If you have read what came before, my journal as written at sea, the writing now changes. From this point the blog will follow the ongoing story of The Ballad Of Adam & Eve, and whatever else seems pertinent. If nothing else, it will expose my ignorances. There is a fair amount of catching up to do, but you all must know how I like my stories. Plenty of that to come. Perhaps it’s now time to explain where we’re at. 
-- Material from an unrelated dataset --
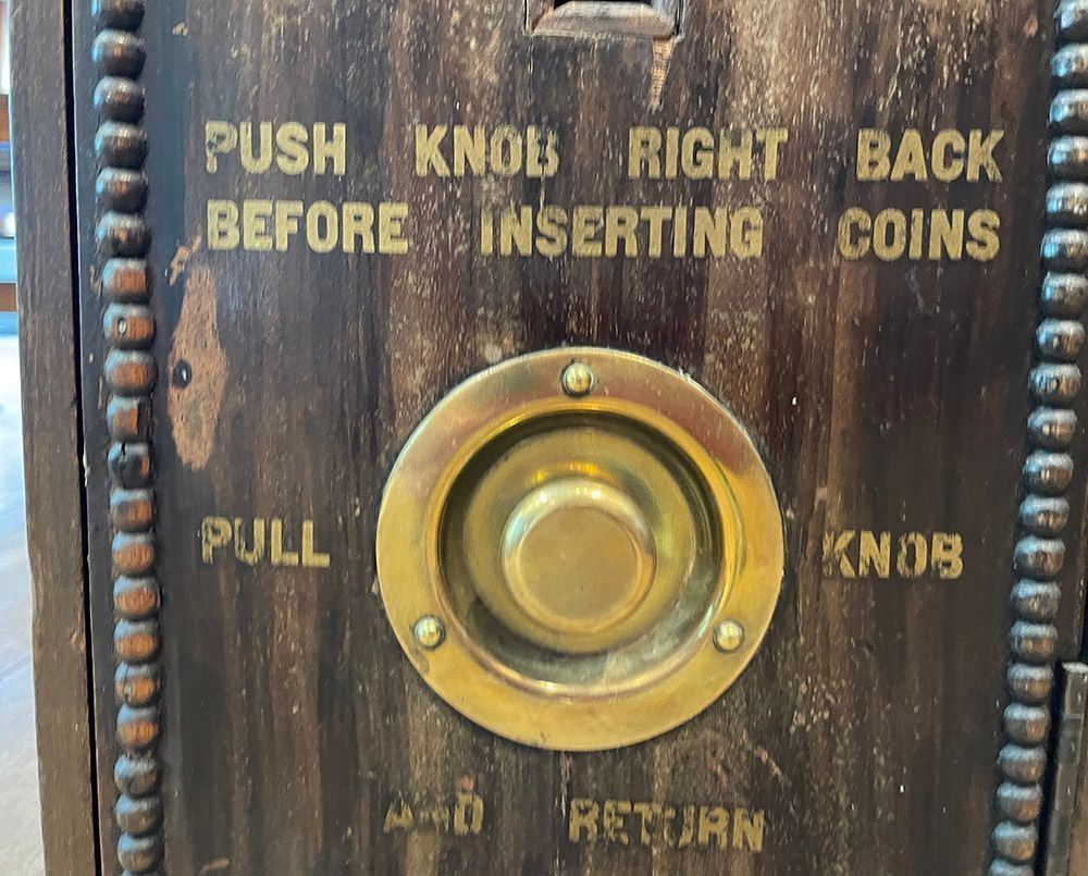 Wooden cigarette dispenser, with copper plate top and fittings. The dispenser front has 'bobbin beading' moulding to decorate the edge.Context

We have many guises it seems. I’ve gigged solo acoustic and solo electric, acoustic duo, with or without a backing vocalist, acoustic with mandolin and banjo and fiddle, three piece electric band and, on occasion, the full armada of drums, bass, acoustic and electric guitars, mandolin, banjo, fiddle and three backing singers. The songs can change depending on the setup. With bass and drums the blues rock elements shine while the acoustic style promotes a hillbilly bounce. It can be difficult to decide which to prefer. Generally it’s whichever setup is currently playing. The band could be said to be like the Aeolian Islands, their volcanic nature rendering to unwise to state anything but that there are CURRENTLY eight of them. What the band(s) is (are) called is also up for grabs. Is the album The Ballad Of Adam & Eve by the band Ballad Of Adam & Eve? Do I want the band to be a ’the’ band? An old group of mine, Yukina, was always at the bottom of any list we made. At least ‘ballad’ is close to the top of the alphabet. I was expressing such concerns to the crowd at a gig in The Salmon Leap, Leixlip a few years ago and a head in the crowd shouted up “try A Ballad Of Adam & Eve!” 
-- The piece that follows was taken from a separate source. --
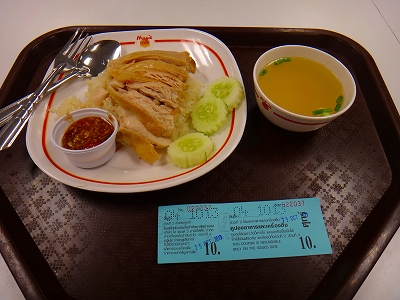 昨晩は空港で夜明かし。 しばらく空港内を徘徊したのち、1階のベンチでウトウトしてたら、タイのお姉さんが話しかけてきた。象で有名なスリン県の方だそうで、この後、7時間かけてタクシーとバスで帰るという。現在は埼玉在住だそうだ。 お姉さんと別れて、空港1階のフードコートでカオマンガイ。かなり早めの朝食。もっとも日本ならもう7時だけど…。 カオマンガイが最近のタイ料理のマストだ。もっとも海南チキンライスをルーツにしてるので純粋なタイ料理といえるのか…。実際、マレーシアやシンガポールでもチキ...

The album is nearing readiness. The guitars I recorded over a couple of days in In August 2012 at the now demolished Bow Lane Studios have been embellished by more guitars, drums and bass, a lead vocal supported by layers of backing vocals, mandolin, banjo, fiddle, piano, and an orchestral score. As time passed and the right players came to the project, it seemed that room opened up for more melodies. Although we play as whichever band is available or necessary for the gig, it is the ambition of us Balladeers to play these songs at least once accompanied by a full orchestra and choir. 

As the songs came to me from the sea we want to give something back. All profits from music sales will be donated to the RNLI. My grandad, my Pop, was a fisherman out of Howth and a lifeboatman buried with flags of both country and purpose. If I can do anything with this project, it is to help those who continue his tradition. The savers of souls. 

If you have a mind to follow my mind for a little while, join up on our little journey here. Happy new post-wobble orbit now that the northern hemisphere is lengthening our days’ access to sunlight. 2020 has a nice ring to it, don’t you think?